Computational aspects of modular forms and p-adic Galois representations

The theory of automorphic forms is one of the core topics of algebraic number theory. It has a long history and is at the same time, with such spectacular successes as the proof of Fermat s last theorem, the Sato-Tate conjecture or the Serre conjecture, one of the most flourishing topics. Presently many new directions are explored. Basic computer algorithms axe an invaluable tool to yield experimental data which further advance the theory. The present proposal provides one approach to obtain and implement such algorithms. It also explains a number of interesting experiments which we hope to perform.
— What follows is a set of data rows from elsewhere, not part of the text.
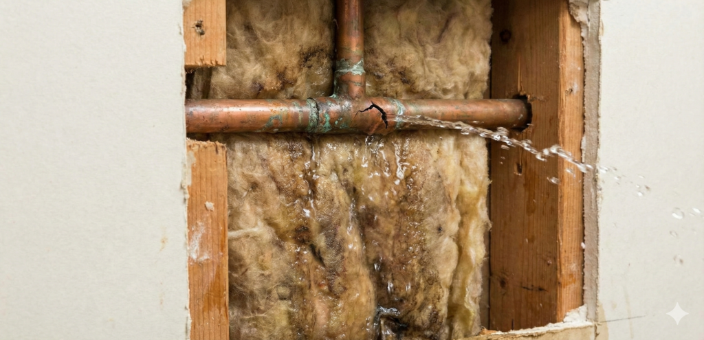 Sudden temperature changes or aging plumbing can cause pipes to crack or burst, leading to hidden leaks behind walls or under floors.
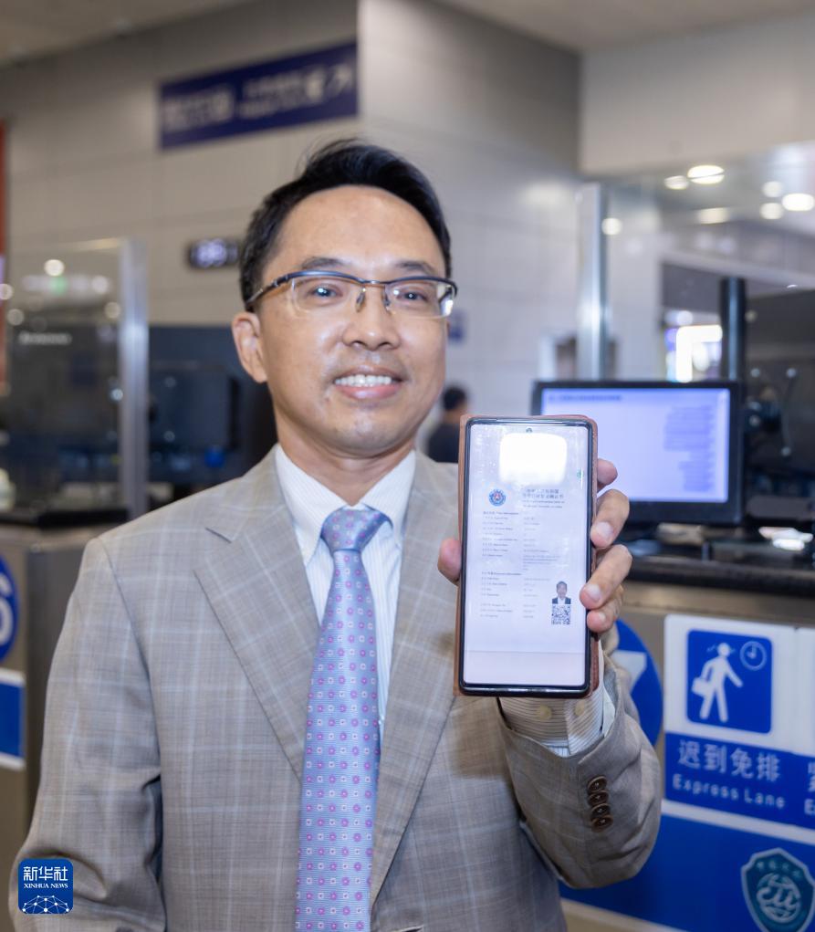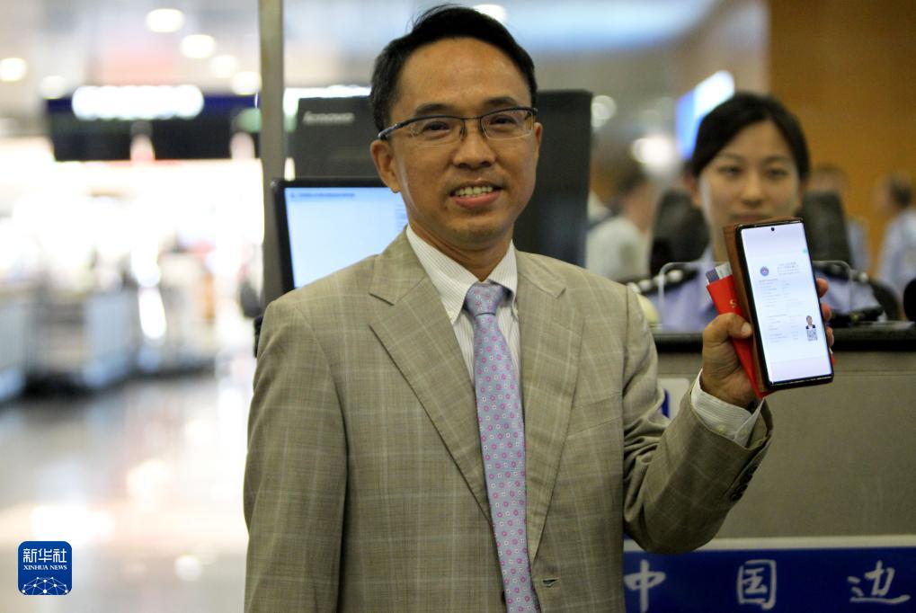 7月12日,在上海浦東國際機場,來自新加坡的鐘先生展示上海市公安局出入境管理局簽發(fā)的電子口岸簽證。他是第一位持我國電子口岸簽證入境的外國人。
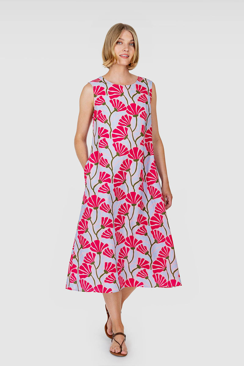 Pink flowers bloom in the summery and festive KURJENPOLVI dress. The sleeveless, long dress is slender on the shoulders and widens to the hem. It has pockets in the side seams. The dress is made of beautifully draping printed linen-cotton fabric, which is garment washed, so it does not shrink and feels comfortably soft. KURJENPOLVI dress is designed in Finland and made in Lithuania.
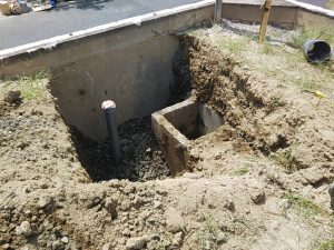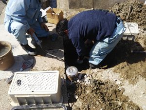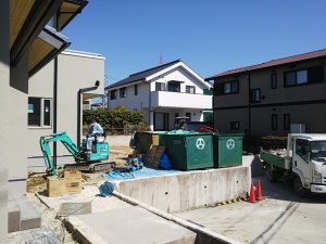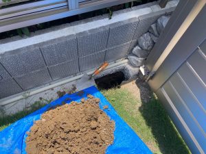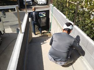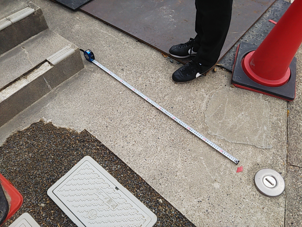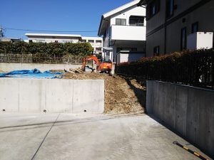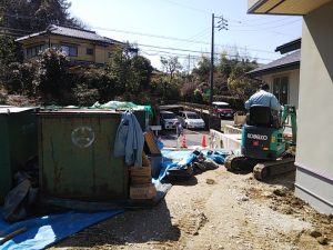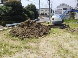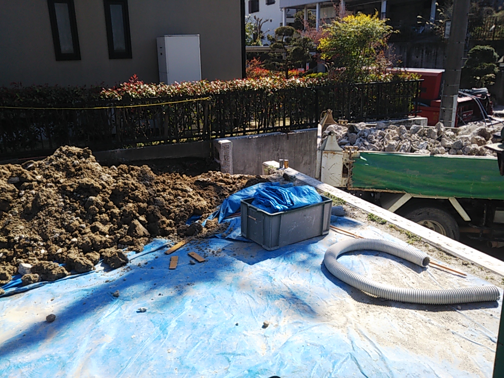 水道業者さんが下水道の道路への取り出し管を接続するため土を掘って場所を探しています。「探しています」と言っても、今回の場合道路との高低差が1m以上あり、道路面への接続管を探すだけでも重機を持ってきて徳川埋蔵金のように探し当てる必要があります。(大体の場所はわかっていますが)暑い中ご苦労様です。
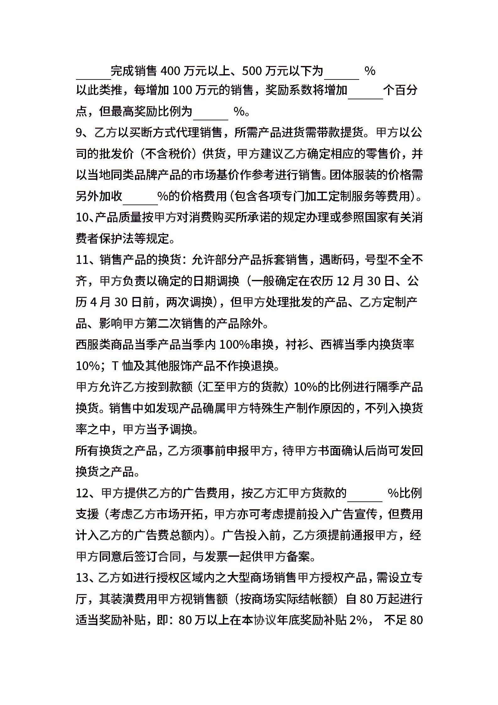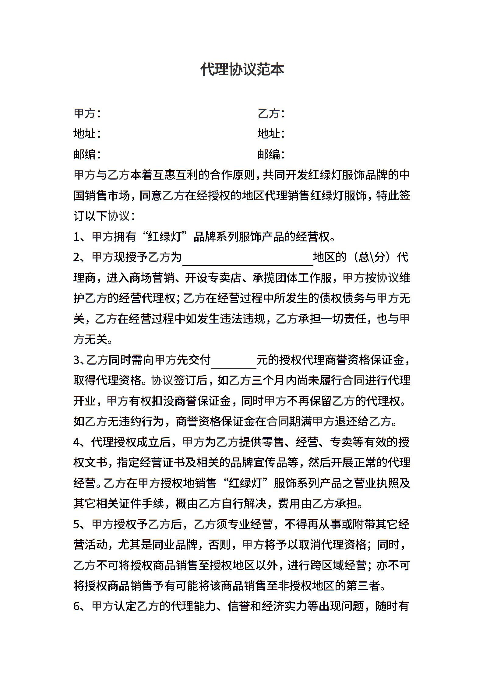 服装代理协议(范本)
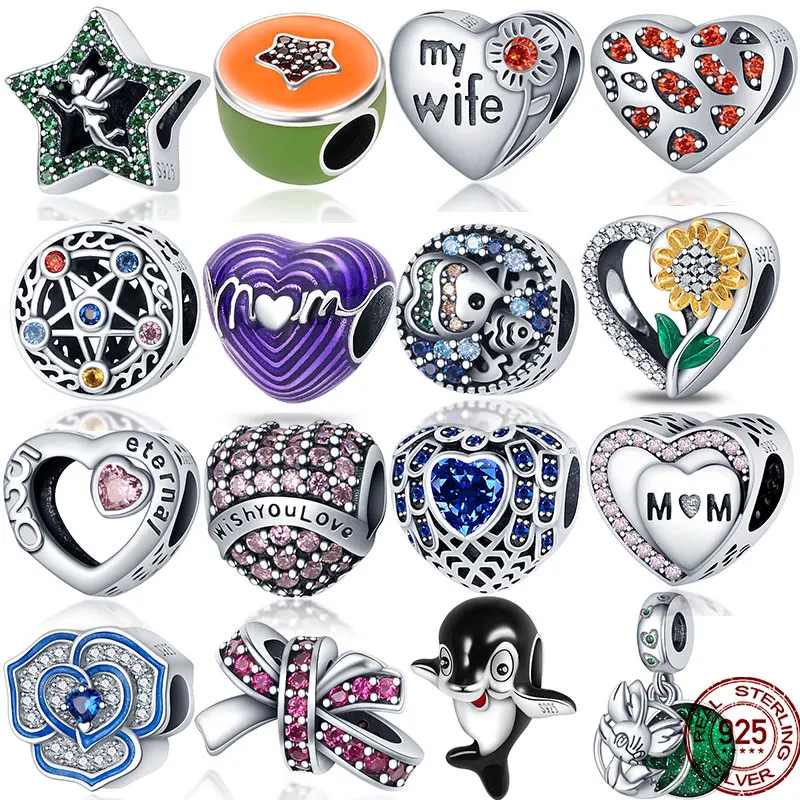 Женские Шармы и бусины из серебра 925 пробы с фианитами, подходят для оригинального браслета 3 мм, Подарочные ювелирные украшения на день рождения
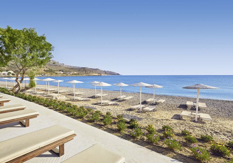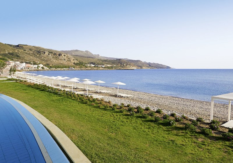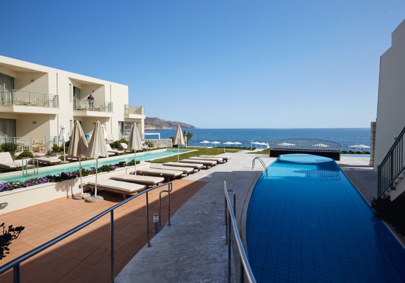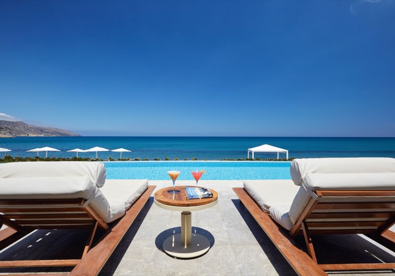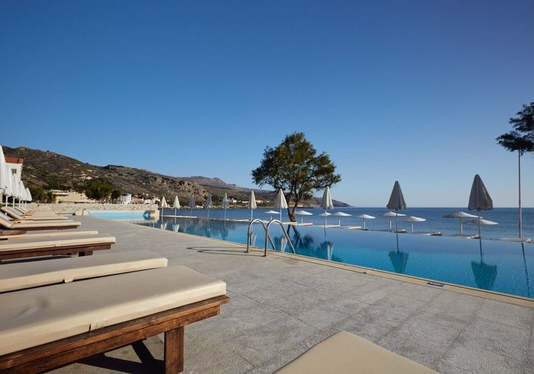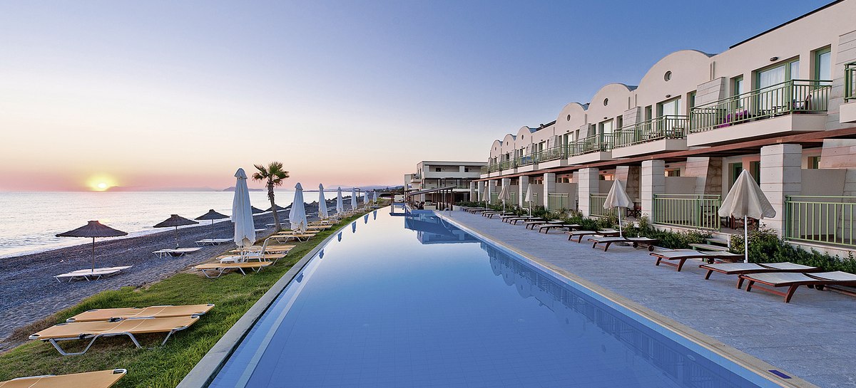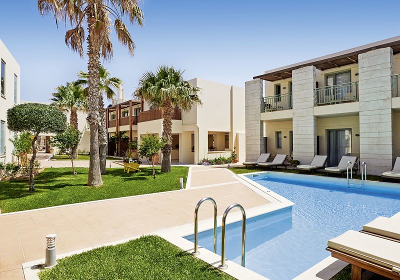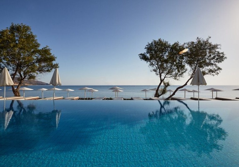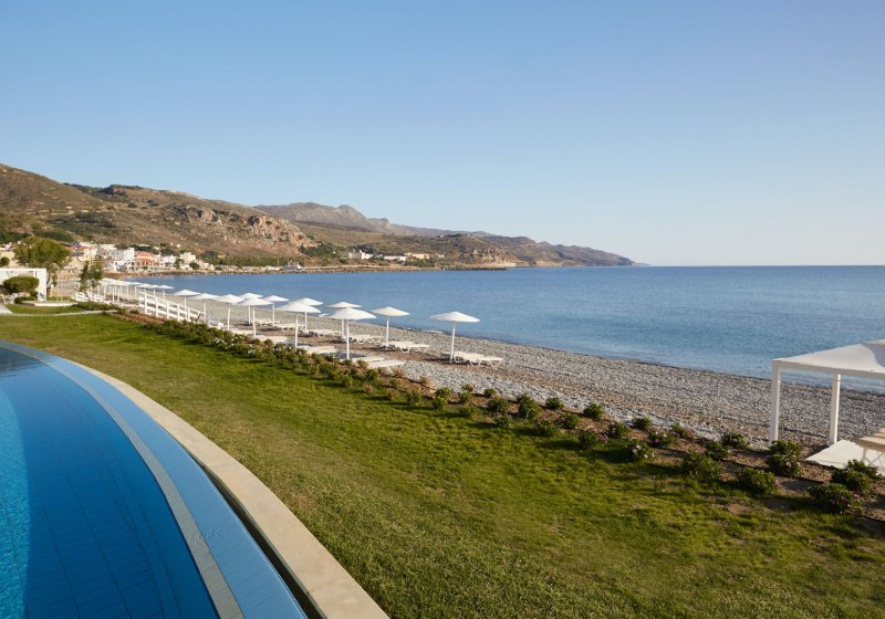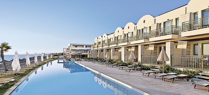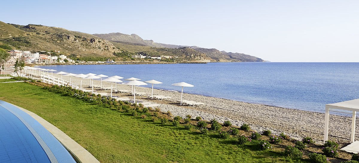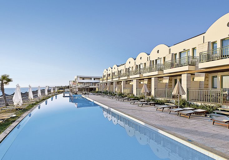 Grand Bay Beach Resort steht für Adults-only-Ruhe direkt am Strand von Kolymbari, mit vier Außenpools, klarer Service-Struktur und vielseitiger Küche vom Buffet bis À-la-carte. Die Lage verbindet Strandnähe mit kurzen Wegen, Chania liegt rund 25 Kilometer entfernt.

The approach applies to number as well as function fields. Its relation to classical automorphic forms is explained by the Langlands program - and in often conjectural. The intention is to compute Galois representations associated to automorphic via their Hecke eigensystems. The key tool is the algorithmic computation of quotients of Bruhat-Tits buildings by cocompact arithmetic subgroups. The result is a finite simplicial set and thus a finite combinatorial object. Automorphic forms are sections of local systems on these finite quotients. Their systems of Hecke eigenvalues can be computed combinatorially.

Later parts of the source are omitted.